→ **Goal of the exercise**
Would you return exactly the lines below from the line with "Acest dop anal" through the line with "Electric Pepper Grinder", both included, and nothing else, leaving out the pictures?

→ **Input data**
*** Begin section ***
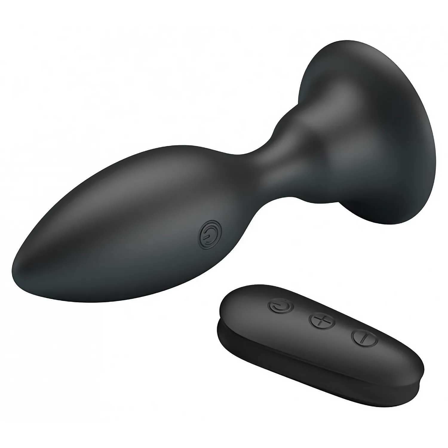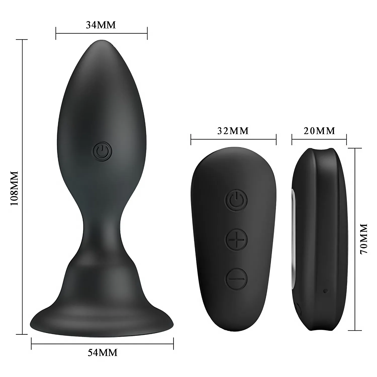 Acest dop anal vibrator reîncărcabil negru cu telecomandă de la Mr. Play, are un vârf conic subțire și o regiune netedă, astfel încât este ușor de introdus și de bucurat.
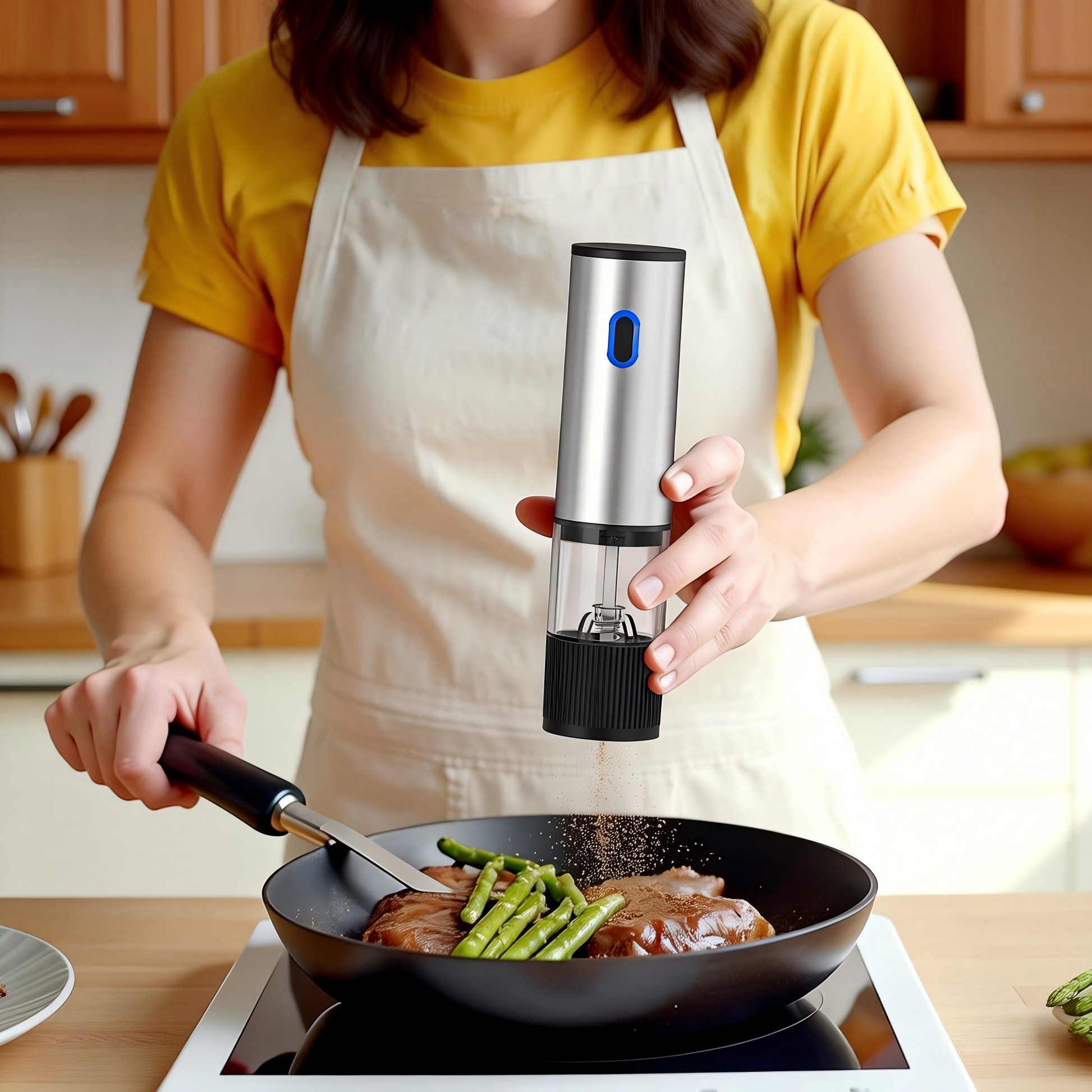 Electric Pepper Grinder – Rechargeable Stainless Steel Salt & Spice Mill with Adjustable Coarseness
*** End section ***
*** Begin section ***
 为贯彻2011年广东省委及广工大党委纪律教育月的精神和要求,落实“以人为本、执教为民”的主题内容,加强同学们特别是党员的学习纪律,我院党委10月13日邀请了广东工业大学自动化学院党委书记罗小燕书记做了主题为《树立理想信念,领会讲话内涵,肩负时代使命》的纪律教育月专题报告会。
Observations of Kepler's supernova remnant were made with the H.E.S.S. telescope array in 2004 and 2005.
*** End section ***
→ **Solution for this exercise**
 Acest dop anal vibrator reîncărcabil negru cu telecomandă de la Mr. Play, are un vârf conic subțire și o regiune netedă, astfel încât este ușor de introdus și de bucurat.
 Electric Pepper Grinder – Rechargeable Stainless Steel Salt & Spice Mill with Adjustable Coarseness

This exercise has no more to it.